Qual o motivo para esta polémica? Se tomarmos a definição de S. Tomás de Aquino de «comunhão espiritual» vemos que os seus efeitos podem ser semelhantes aos da comunhão sacramental.[12] Uma comunhão espiritual sincera produziria os mesmos efeitos da comunhão sacramental. Percebe-se o constrangimento de alguns padres sinodais, pois, se o efeito é mesmo, porque razão não dar a comunhão sacramental?
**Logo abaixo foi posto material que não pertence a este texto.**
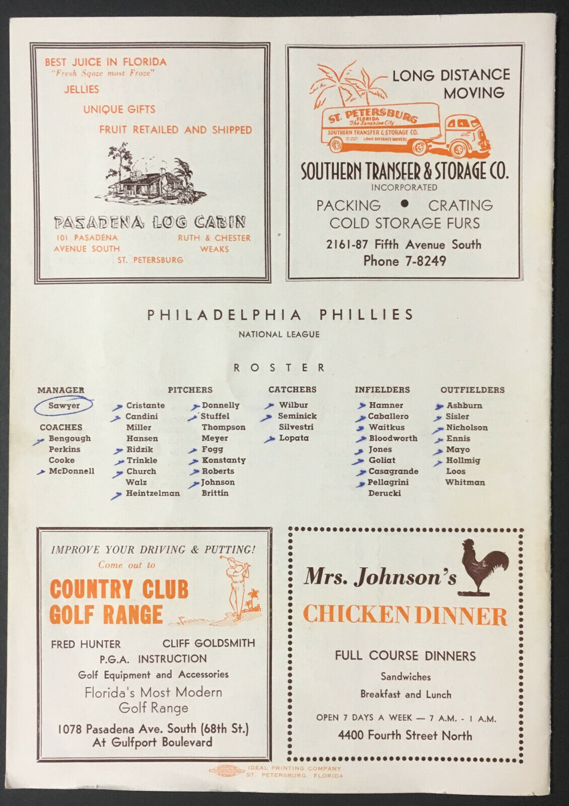 - 1951 St. Louis Cardinals Major League baseball exhibition game program vs Philadelphia Phillies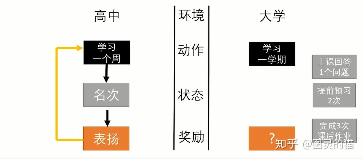 在如许的定见反应电路中,“姿势”带来的“奖赏”被极大加速,整个系统变得完全正向。上了大学以后,认实自学两个学期,才气有两个好的GPA,那个定见反应周期变长了几倍,并且也很少有人因为GPA遭到表彰,因而,大大都人对峙不来。取而代之的,许多人习惯测验前1个周起头施行“自学”姿势,因为只需要1个周就能获得相当可不雅“奖赏”,好比说及格。所以,想法子削减你的定见反应周期,好比说,将大目的合成为小目的,会更容易塑造两个持续的电路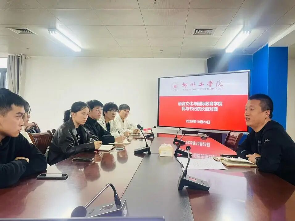 10月23日,语言文化与国际教育学院在科教楼1107会议室举办“我与院长书记面对面”评建建言活动。语教学院院长张胜利、辅导员代表陈崇艳及各班级学生代表参加活动。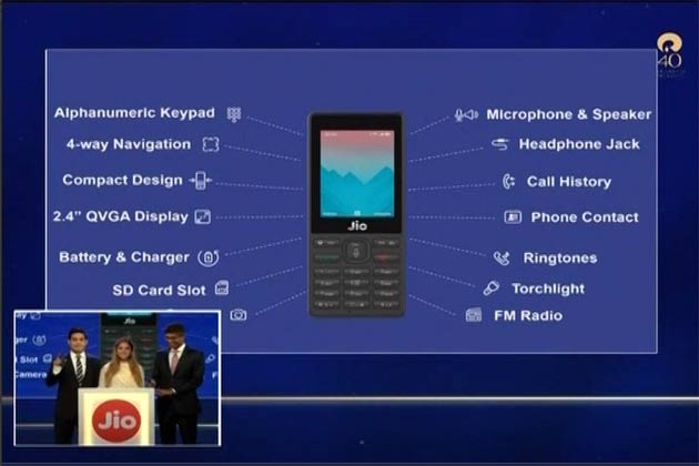 नई दिल्ली (जेएनएन)। रिलायंस इंडस्ट्री की सालाना आम बैठक (एजीएम) में मुकेश अंबानी ने देश के सबसे सस्ते 4जी फीचर फोन से पर्दा उठाया। इसका नाम जियोफोन रख गया है जिसको मुकेश अंबनी ने सबसे इंटेलिजेंट मोबाइल बताया है। लॉन्च हुए इस नए फोन का डेमो मुकेश अंबनी के बेटे आकाश अंबानी और बेटी ईशा अंबनी ने दिया। इनके साथ कंपनी के एक अधिकारी किरण मैथ्यू भी मौजूद थे। इस फोन को पूरी तरह से मेड इन डंडिया बताया गया है। इस फोन को फ्री में लॉन्च किया गया है। हालांकि, इसके लिए ग्राहकों को 1,500 रुपये की सिक्योरिटी राशि देनी होगी जो 3 साल बाद यूजर्स को वापस दे दी जाएगी। इस फोन को 24 अगस्त से प्री-ऑर्डर किया जा सकता है। इसके लिए यूजर्स को जियो रिटेलर के पास जाना होगा। इसके बाद सिंतबर से फोन मिलने शुरु हो जाएंगे।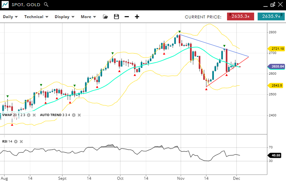 Gold has flipped into a more neutral consolidation phase, trading at 2,635, near the VWAP (20) of 2,630. Support is positioned at 2,543, with resistance at 2,721. The RSI at 46 indicates lackluster momentum, suggesting continued consolidation within a new range beneath record highs.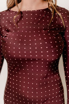 GARMENT DETAILS: Elegant polka-dot print maxi dress with high boatneck, long sleeves, and a flattering fit, with flared skirt.

A comunhão espiritual tal como Tomás de Aquino a define seria uma comunhão para quem não pode fisicamente receber o Pão Eucarístico ou necessita da absolvição, mas em que não haveria nada na sua vida que estivesse em contradição com a fé.[13] Isto é, bastaria uma confissão para poder aproximar-se em graça de Deus da comunhão eucarística. Assim, o acto de contrição perfeito[14] e a comunhão espiritual poderiam dar os mesmos frutos que a comunhão sacramental. Não é este o caso dos casados que voltaram a constituir família e estão impedidos de reconstituírem a família original. Aqui há um estado de vida em contradição com a indissolubilidade do matrimónio que seria necessário resolver antes de se poder receber os sacramentos.[15]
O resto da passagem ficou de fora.